_Assigned task_
Your output should be exactly the lines from the one containing "最後,18級新聞學2班的同學" through the final line of the following data, please, with no pictures.

_Given information_
= = = =
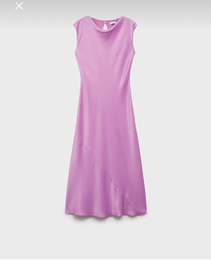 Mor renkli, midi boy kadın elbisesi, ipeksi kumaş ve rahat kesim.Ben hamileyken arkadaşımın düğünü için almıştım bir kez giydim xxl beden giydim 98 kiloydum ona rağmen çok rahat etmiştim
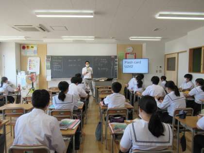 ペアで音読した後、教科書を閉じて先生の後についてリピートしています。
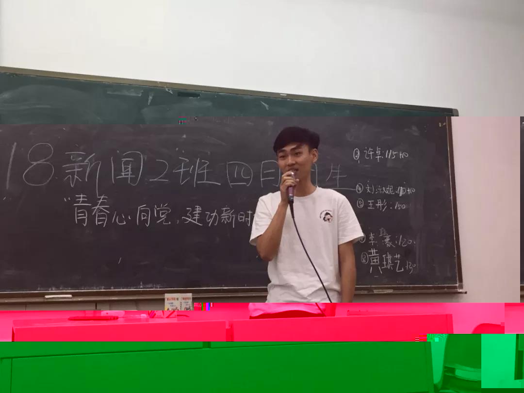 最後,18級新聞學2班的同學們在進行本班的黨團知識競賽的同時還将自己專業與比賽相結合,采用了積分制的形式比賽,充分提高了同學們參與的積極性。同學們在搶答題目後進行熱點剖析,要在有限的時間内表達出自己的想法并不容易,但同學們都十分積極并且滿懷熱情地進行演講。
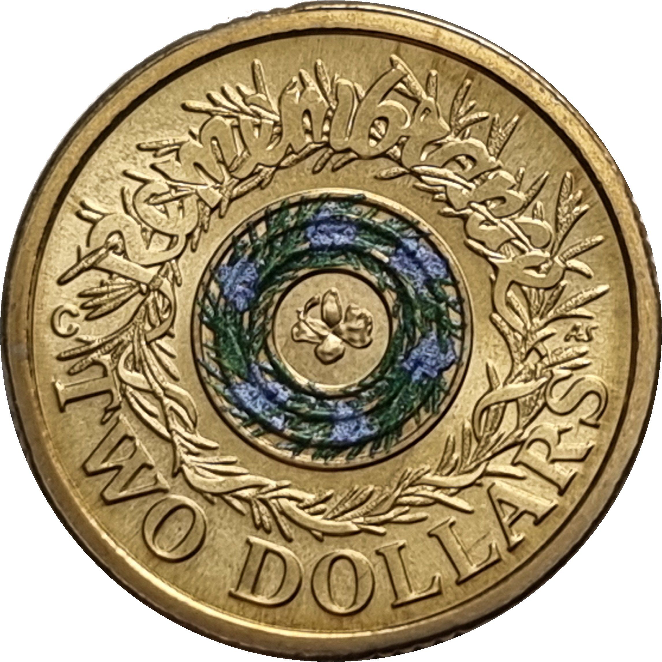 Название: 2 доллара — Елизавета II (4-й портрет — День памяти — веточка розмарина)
= = = =
_Reply_
 最後,18級新聞學2班的同學們在進行本班的黨團知識競賽的同時還将自己專業與比賽相結合,采用了積分制的形式比賽,充分提高了同學們參與的積極性。同學們在搶答題目後進行熱點剖析,要在有限的時間内表達出自己的想法并不容易,但同學們都十分積極并且滿懷熱情地進行演講。
 Название: 2 доллара — Елизавета II (4-й портрет — День памяти — веточка розмарина)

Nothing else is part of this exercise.